▶ **Your objective**
Stop at the line containing "This sequence treats": write out every line from the beginning of the entries up to and including it, minus the pictures.

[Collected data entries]

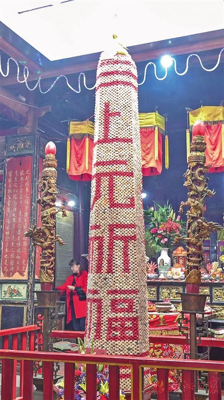 如今,延宁宫用甘蔗搭建“灯塔”这一民间手工艺术,依然在传承、延续。在延宁宫门口,有一副大红对联这样写道:“中华一绝,妈祖蔗塔,享文化遗产美誉;巧夺天工,天后橘塔,展民间艺术雄姿。”这条后联写到的“橘塔”,就是人们借助搭蔗塔的巧思,在另一边用柑橘堆叠成塔,互为对应,相映成趣,也凸显着搭蔗塔这一根深蒂固的文化内核,依然生生不息。
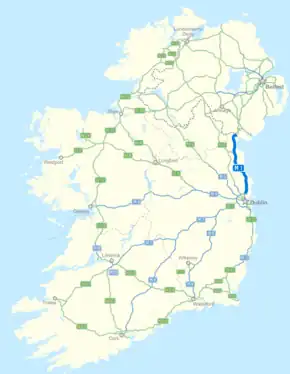 Almost the entire length of the N1 has been upgraded to motorway standard and is designated the M1 motorway. It runs from the Junction 3 of the M50 ring road in Dublin, past Cloghran, Swords, Balbriggan, Stamullen, Drogheda, Dunleer, Castlebellingham and Dundalk before ending at Ballymascanlon north of Dundalk. It by-passes many towns and villages through which the N1 travelled.[1] The original N1 route now forms the R132.[2] At Ballymascanlon, it becomes the N1 dual carriageway and continues to the border with Northern Ireland. The motorway section of the N1 uses the M1 designation. Small yellow route markers along the motorway route also read N1.
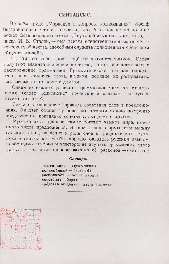 Из предисловия: Русский язык, один из самых богатых языков мира, имеет много типов предложений. Их построение, формы связи между словами в них, значение и роль слов в предложениях изучаются в синтаксисе. Чтобы хорошо овладеть русским языком, необходимо глубоко и всесторонне изучить грамматику этого языка, в том числе один из важных её разделов — синтаксис.
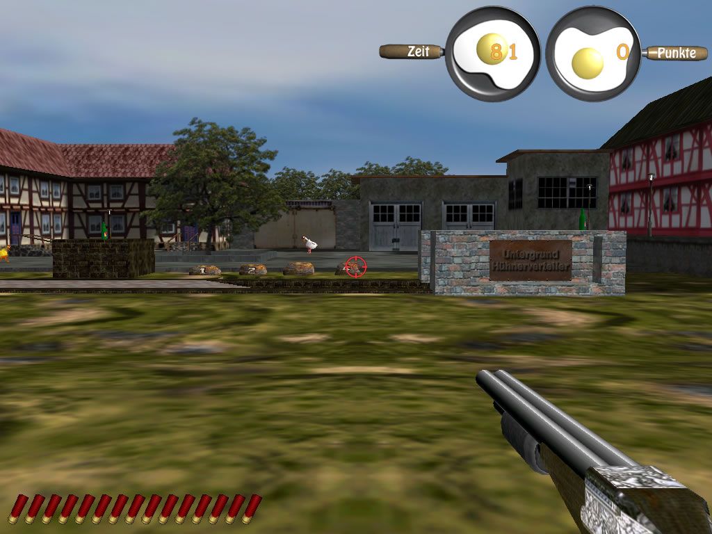 Hühner Frikassee delivers a classic arcade shooting experience, building on the beloved Moorhuhn formula with fresh twists. In the main hunting mode, you remain stationary but can pan your view a full 360°, targeting chickens that strut, waddle, and swoop across the screen. Farther targets reward higher points, creating a risk-versus-reward dynamic where precision and timing are crucial to maximizing your score.
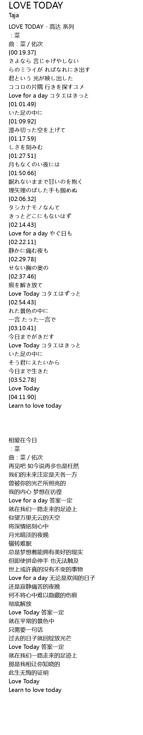 | [00:00.71] | LOVE TODAY gāo dá xì liè |
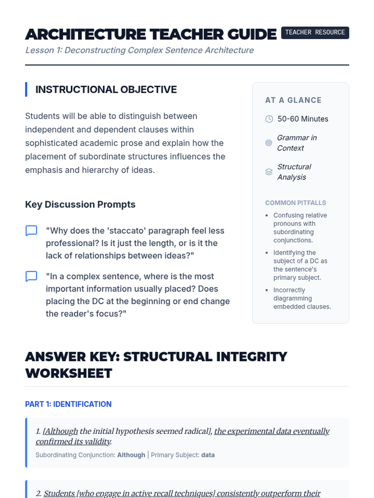 This sequence treats sentence structure as a foundational skill, focusing on the grammatical mechanics of active and passive voice. Students move from deconstructing sentence anatomy to mastering complex syntactic transformations and editing for conciseness.
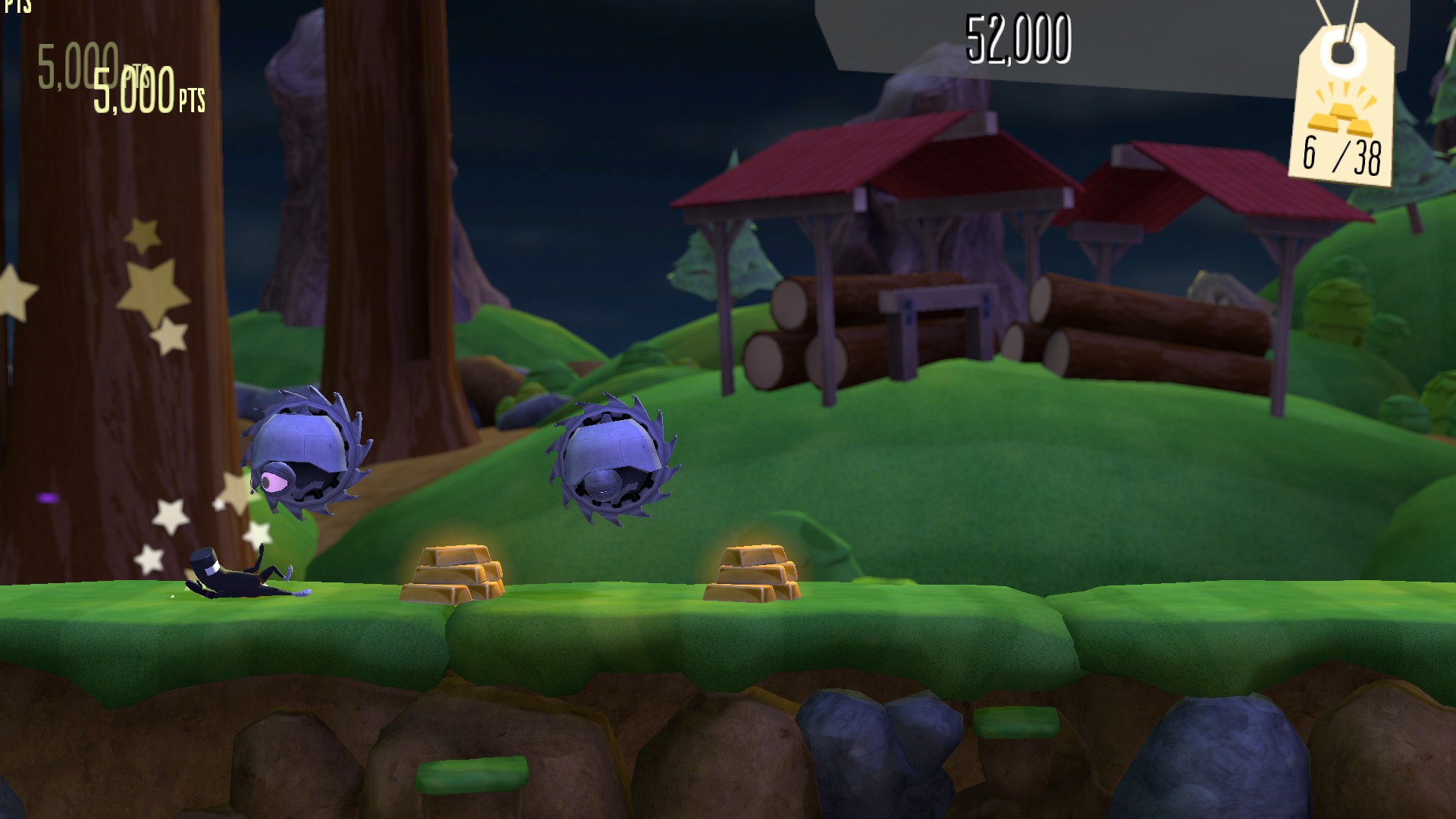 Not enough games have a dance button. You aren’t told about it until a fair few levels have passed beneath your constantly running feet, but there it is: you can dance. Dancing can happen at any time, on a flat surface; the animation lasts a fixed length of time, and can’t be interrupted to slide or jump, so it has to be timed well to avoid dancing to your death. Each of the characters you find – there are seven in total, with five found by completing optional levels – has several different dance animations. They are joyous.

▶ **Solved exercise**
 如今,延宁宫用甘蔗搭建“灯塔”这一民间手工艺术,依然在传承、延续。在延宁宫门口,有一副大红对联这样写道:“中华一绝,妈祖蔗塔,享文化遗产美誉;巧夺天工,天后橘塔,展民间艺术雄姿。”这条后联写到的“橘塔”,就是人们借助搭蔗塔的巧思,在另一边用柑橘堆叠成塔,互为对应,相映成趣,也凸显着搭蔗塔这一根深蒂固的文化内核,依然生生不息。
 Almost the entire length of the N1 has been upgraded to motorway standard and is designated the M1 motorway. It runs from the Junction 3 of the M50 ring road in Dublin, past Cloghran, Swords, Balbriggan, Stamullen, Drogheda, Dunleer, Castlebellingham and Dundalk before ending at Ballymascanlon north of Dundalk. It by-passes many towns and villages through which the N1 travelled.[1] The original N1 route now forms the R132.[2] At Ballymascanlon, it becomes the N1 dual carriageway and continues to the border with Northern Ireland. The motorway section of the N1 uses the M1 designation. Small yellow route markers along the motorway route also read N1.
 Из предисловия: Русский язык, один из самых богатых языков мира, имеет много типов предложений. Их построение, формы связи между словами в них, значение и роль слов в предложениях изучаются в синтаксисе. Чтобы хорошо овладеть русским языком, необходимо глубоко и всесторонне изучить грамматику этого языка, в том числе один из важных её разделов — синтаксис.
 Hühner Frikassee delivers a classic arcade shooting experience, building on the beloved Moorhuhn formula with fresh twists. In the main hunting mode, you remain stationary but can pan your view a full 360°, targeting chickens that strut, waddle, and swoop across the screen. Farther targets reward higher points, creating a risk-versus-reward dynamic where precision and timing are crucial to maximizing your score.
 | [00:00.71] | LOVE TODAY gāo dá xì liè |
 This sequence treats sentence structure as a foundational skill, focusing on the grammatical mechanics of active and passive voice. Students move from deconstructing sentence anatomy to mastering complex syntactic transformations and editing for conciseness.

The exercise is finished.